ECLI:NL:HR:2019:1404
Hoge Raad
- Cassatie
- Rechtspraak.nl
Cassatie tegen uitspraak van de Rechtbank Zeeland-West-Brabant inzake belastingzaken
In deze zaak hebben de belanghebbenden, [X1] en de erven van [X2] te Lottum, beroep in cassatie ingesteld tegen de uitspraak van de Rechtbank Zeeland-West-Brabant van 12 november 2018. Deze uitspraak betrof een verzet van de belanghebbenden tegen eerdere uitspraken van de Rechtbank van 7 juli 2017. De Staatssecretaris van Financiën heeft een verweerschrift ingediend, waarop de belanghebbenden een conclusie van repliek hebben ingediend. De Hoge Raad heeft de middelen van de belanghebbenden beoordeeld, maar deze konden niet tot cassatie leiden.
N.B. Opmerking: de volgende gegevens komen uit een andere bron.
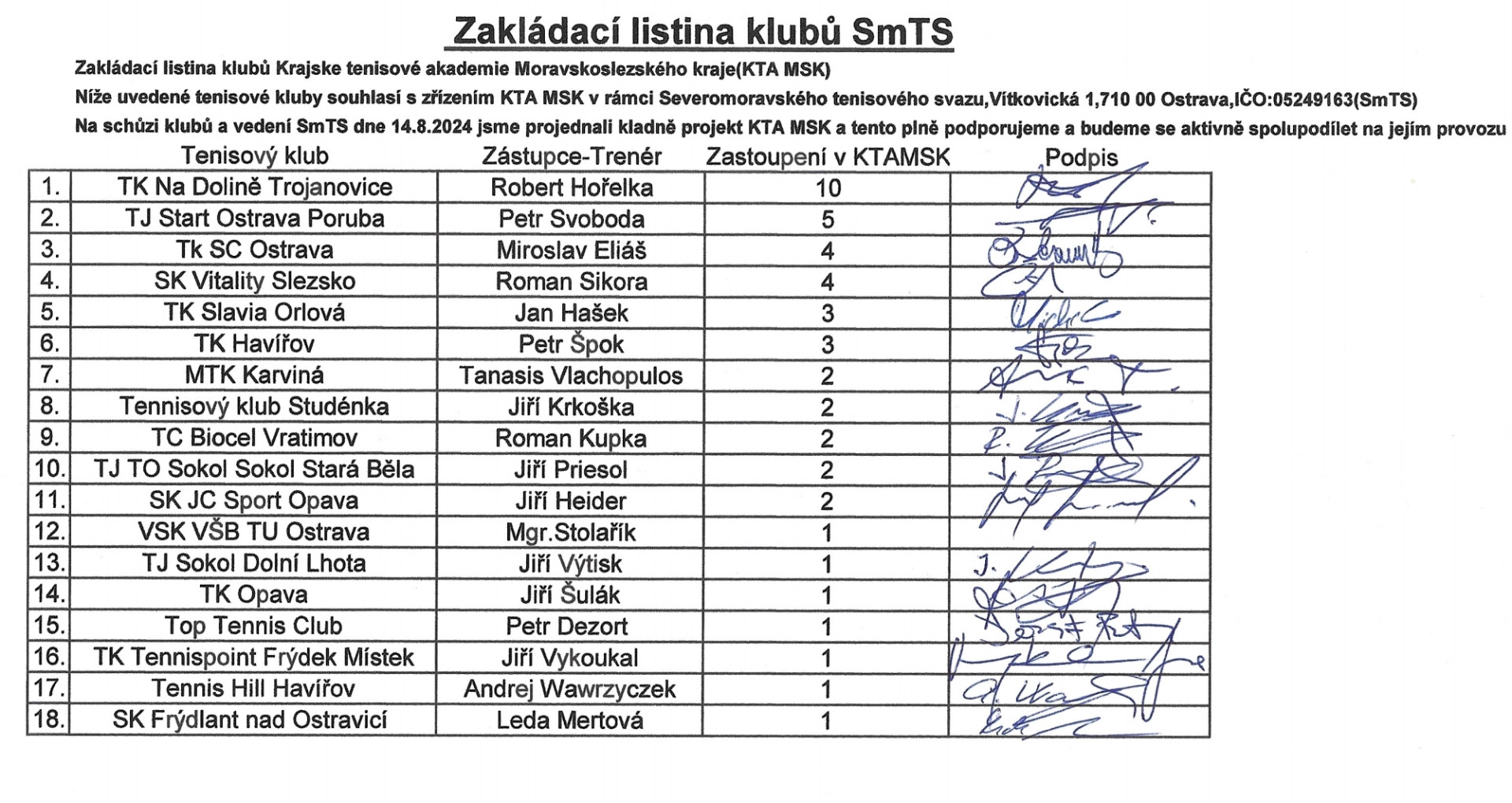 Krajská tenisová akademie Moravskoslezského kraje (KTA MSK) byla založena v druhé polovině roku 2024 s cílem vyhledávat, podporovat a systematicky rozvíjet největší tenisové talenty dětí a mládeže v našem kraji.

De Hoge Raad oordeelde dat, gezien artikel 81, lid 1, van de Wet op de rechterlijke organisatie, geen nadere motivering nodig was, omdat de middelen niet nopen tot beantwoording van rechtsvragen in het belang van de rechtseenheid of de rechtsontwikkeling. De Hoge Raad heeft ook geen aanleiding gezien voor een veroordeling in de proceskosten. Uiteindelijk verklaarde de Hoge Raad het beroep in cassatie ongegrond. Dit arrest is gewezen door de raadsheer M.A. Fierstra als voorzitter, en de raadsheren J. Wortel en A.F.M.Q. Beukers-van Dooren, in tegenwoordigheid van de waarnemend griffier F. Treuren, en is in het openbaar uitgesproken op 20 september 2019.